The Researcher Workbench is hosted on Google Cloud Platform under a FISMA-compliant security framework, and all data use is governed by the All of Us Data Use Policies, which prohibit re-identification attempts and require annual attestation of compliance.
Common scenarios
The All of Us dataset applies across a range of investigative contexts:
- Pharmacogenomics — Researchers examine how genetic variants affect drug metabolism, enabling studies that were previously impossible due to insufficient sample sizes in minority populations. The depth of the cohort allows subgroup analyses with statistical power unavailable in smaller biobanks.

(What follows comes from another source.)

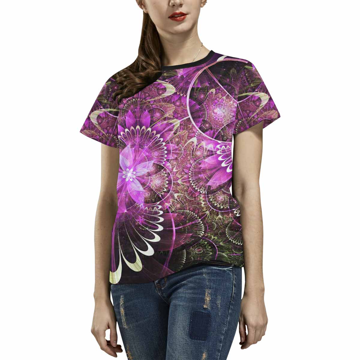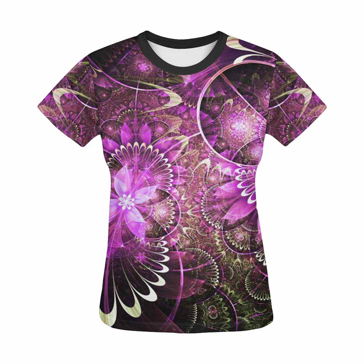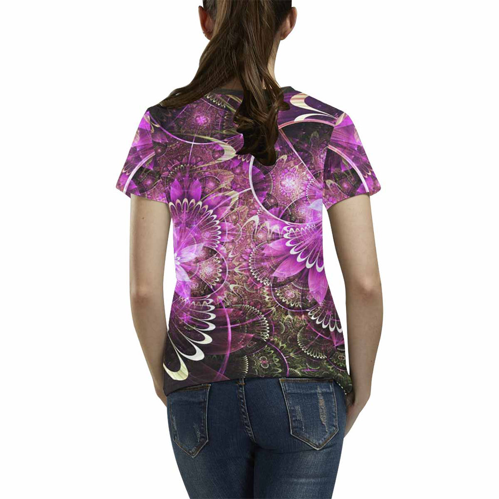 Womens tops t-shirts print with Glossy purple fractal flowers

- Environmental exposure research — By linking participant zip codes and wearable sensor data to environmental databases, investigators model relationships between air quality, neighborhood conditions, and chronic disease incidence.

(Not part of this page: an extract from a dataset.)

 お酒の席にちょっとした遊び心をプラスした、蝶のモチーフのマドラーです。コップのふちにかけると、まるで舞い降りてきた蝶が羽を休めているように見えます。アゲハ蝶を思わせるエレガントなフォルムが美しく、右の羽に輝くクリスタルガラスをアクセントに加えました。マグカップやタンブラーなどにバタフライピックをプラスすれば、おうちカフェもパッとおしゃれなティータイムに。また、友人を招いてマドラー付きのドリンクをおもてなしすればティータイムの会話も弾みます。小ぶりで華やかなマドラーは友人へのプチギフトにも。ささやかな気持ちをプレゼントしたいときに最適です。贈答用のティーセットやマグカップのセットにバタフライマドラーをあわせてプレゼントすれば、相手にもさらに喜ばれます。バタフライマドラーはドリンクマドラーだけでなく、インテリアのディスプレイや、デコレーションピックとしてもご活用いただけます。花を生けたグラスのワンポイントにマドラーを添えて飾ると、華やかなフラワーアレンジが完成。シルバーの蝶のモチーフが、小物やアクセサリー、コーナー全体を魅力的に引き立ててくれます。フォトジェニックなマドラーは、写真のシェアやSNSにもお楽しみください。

- Electronic health record validation — Clinical researchers cross-validate diagnostic coding accuracy across health systems by comparing EHR-derived diagnoses against participant-reported conditions.
- Polygenic risk score development — Geneticists use the cohort's diversity to build polygenic risk scores that perform accurately across ancestral backgrounds, addressing a known limitation of scores derived predominantly from European-ancestry cohorts identified in studies such as Martin et al. (2019) in Nature Genetics.

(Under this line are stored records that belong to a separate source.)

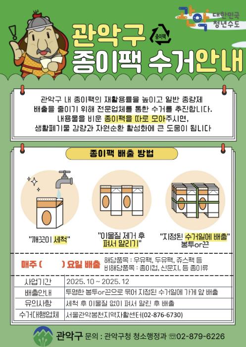 | ▲ 관악구 종이팩 수거 안내 포스터 |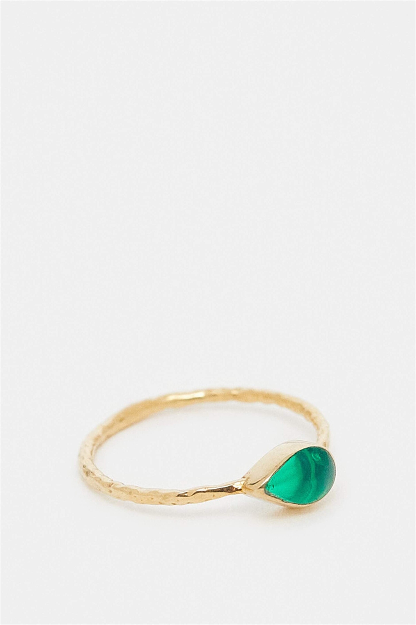 Кольцо с зеленым камнем, покрытое позолотой, с текстурой «под кованое»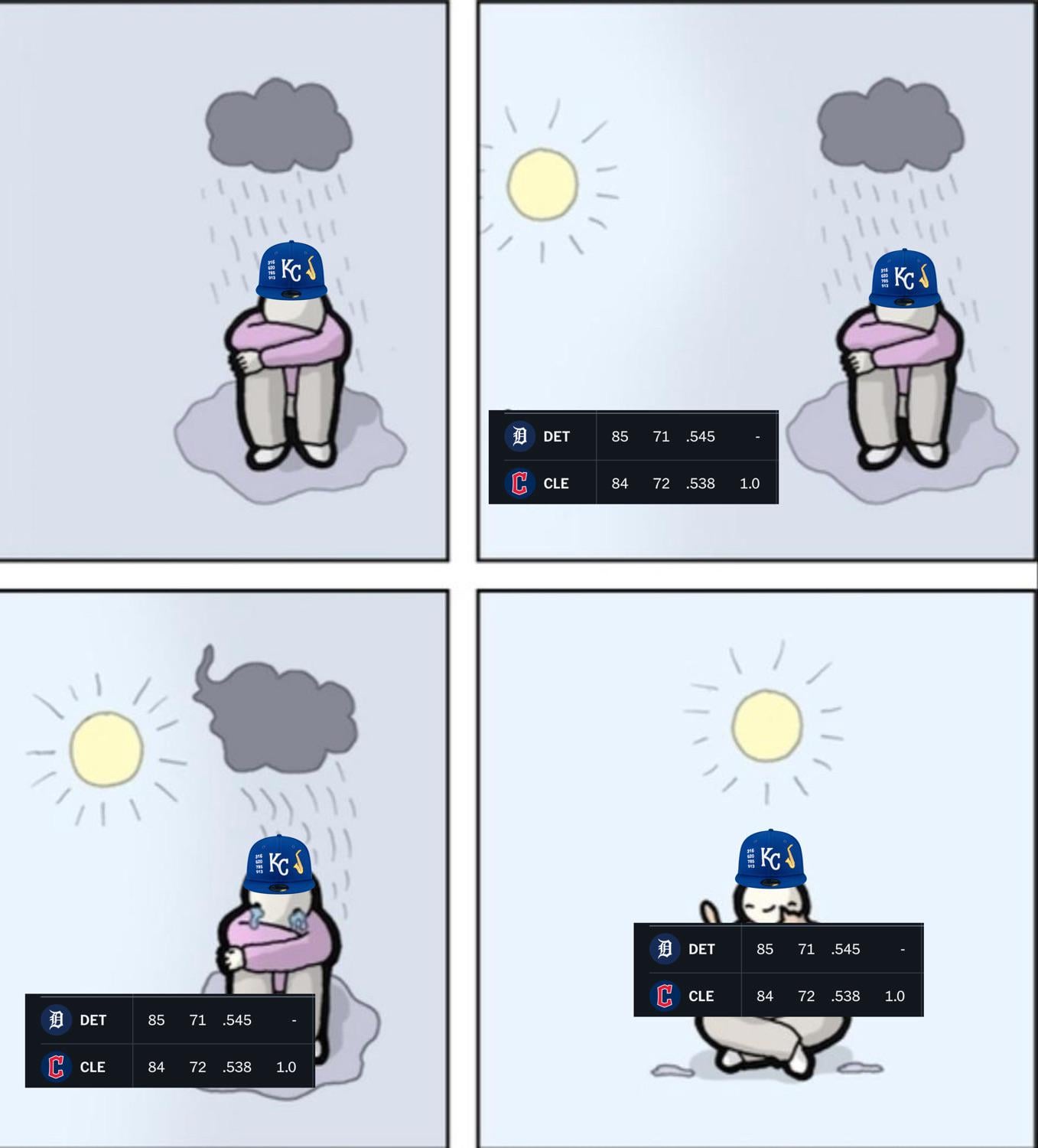 This is almost identical to last year only Detroit and Cleveland have switched positions and Detroit ran out of time to overtake Cleveland last year. Also, Cleveland didn’t full on collapse like Detroit is doing this year. Should be interesting to watch.

- Longitudinal chronic disease tracking — Because participants remain enrolled over time, the dataset supports longitudinal studies of diabetes, cardiovascular disease, and neurological conditions tied to NIH institutes such as the National Heart, Lung, and Blood Institute and the National Institute on Aging.
Decision boundaries
Not all research questions or investigators qualify for All of Us data access. The program distinguishes between two primary access tiers:
Registered Tier vs. Controlled Tier
| Feature | Registered Tier | Controlled Tier |
|---|---|---|
| Genomic data | Aggregated only | Individual-level whole genome sequences |
| EHR data | De-identified, aggregate | Longitudinal individual records |
| Training required | Basic data use training | Extended responsible conduct of research modules |
| IRB requirement | Not required for aggregate | Required for individual-level access |
| Re-identification risk | Low | Managed through data use agreement |
Research proposals involving controlled-tier data must comply with the NIH data sharing policy and are subject to review under the All of Us Data Access Review Committee. Proposals that involve linking All of Us data to external datasets require additional approval, because cross-dataset linkage increases re-identification risk.
The program does not permit commercial product development as a primary research aim. Investigators affiliated with for-profit entities may access the Workbench but must disclose commercial intent during registration. All publications arising from All of Us data must acknowledge the program per citation requirements published at allofus.nih.gov/publications.
Participants retain the right to withdraw from the program at any time; upon withdrawal, no new data is collected, though previously contributed data already incorporated into research datasets may be retained under standard scientific integrity principles.